Bank of Canada governor Tiff Macklem says that although a slowing economy may not seem like a good thing, it is when the economy is overheated.
Speaking in Quebec City Tuesday, Macklem said that higher interest rates are working to cool the economy as elevated borrowing costs are constraining spending on big-ticket items such as vehicles, furniture and appliances.
As demand for goods and services falls, Macklem says the economy will continue to slow.
“That doesn’t sound like a good thing, but when the economy is overheated, it is,” he said.
In addition to global events, the overheated domestic economy pushed up prices rapidly, he said, with the inflation rate peaking at 8.1 per cent in June. To slow things down, the Bank of Canada embarked on one of the fastest monetary policy tightening cycles in its history. It has hiked its key interest rate eight consecutive times since March, bringing it from near-zero to 4.5 per cent.
The shock of higher rates has cooled things down: the inflation rate slowed to 6.3 per cent in December, the most recent month available, though it still sits far above the central bank's two-per-cent target.
Last month, the Bank of Canada said it would take a ‘conditional’ pause to assess the effects of higher interest rates on the economy.
“Typically, we don’t see the full effects of changes in our overnight rate for 18 to 24 months,” Macklem said Tuesday.
“In other words, we shouldn’t keep raising rates until inflation is back to two per cent.”
But the governor said the Bank of Canada will be ready to raise rates further if inflation proves to be more stubborn than expected.
As gas prices have fallen and supply chains have improved, inflation in Canada has slowed since peaking at 8.1 per cent in the summer.

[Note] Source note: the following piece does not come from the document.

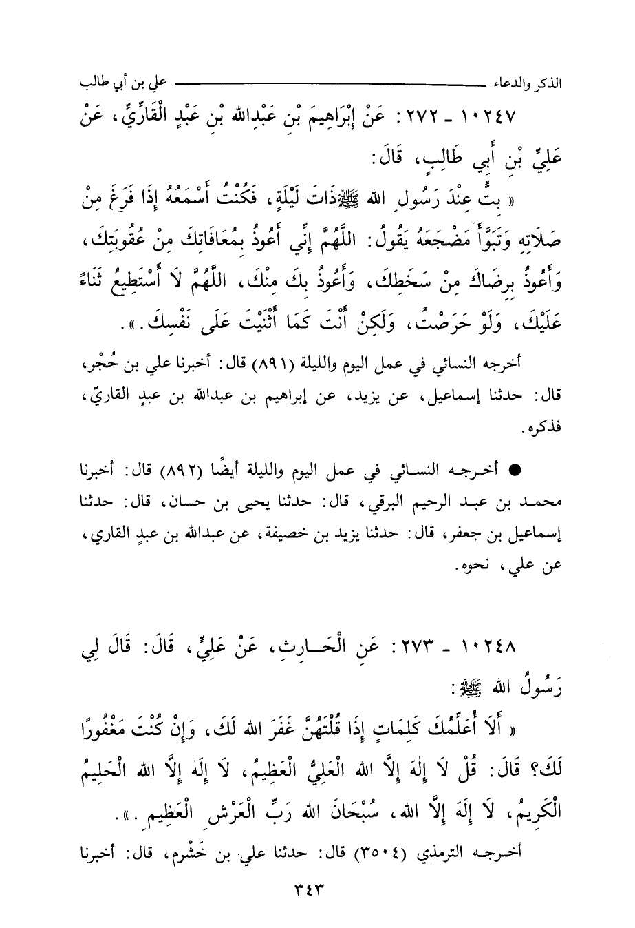 - أخرجه النَّسَائِي (٨٩٢) قال: أَخْبَرنا مُحَمد بن عَبْد الرَّحِيم البَرْقِي، قال: حدَّثنا يَحيى بن حَسَّان، قال: حدَّثنا إِسْماعِيل بن جَعْفَر، قال: حدَّثنا يَزِيد بن خُصَيْفَة، عن عَبْد الله بن عَبْدٍ القَارِّيّ , عن عليٍّ، نحوه.

Macklem called this a “welcome development,” but stressed inflation is still too high.
For inflation to get back to two per cent, the governor said wage growth will have to slow, along with other prices.
Wages have been growing rapidly for months but continue to lag the rate of inflation. In December, wages were up 5.1 per cent.
The central bank says Canada's tight labour market is a sign of an overheated economy. In December, the unemployment rate was five per cent, just over the record-low of 4.9 per cent reached in the summer.
"If the labour market stays this tight, we're not going to get back to two per cent inflation," Macklem told reporters on Tuesday.
Though annual inflation is still at decades-high levels, economists have been encouraged by a more noticeable slowdown in price growth over recent months.
The Bank of Canada forecasts the annual inflation rate will fall to three per cent by mid-year and to two per cent in 2024.
With the Bank of Canada taking a pause from hiking rates and forecasts accounting for a significant slowdown in inflation this year, attention is shifting toward potential rate hikes down the line.
Markets are anticipating rate cuts as early as the end of 2023. However, when asked about potential rate cuts, Macklem said the central bank is still focused on whether interest rates are high enough to quash inflation.
"It's really far too early to be thinking about cutting rates," he said.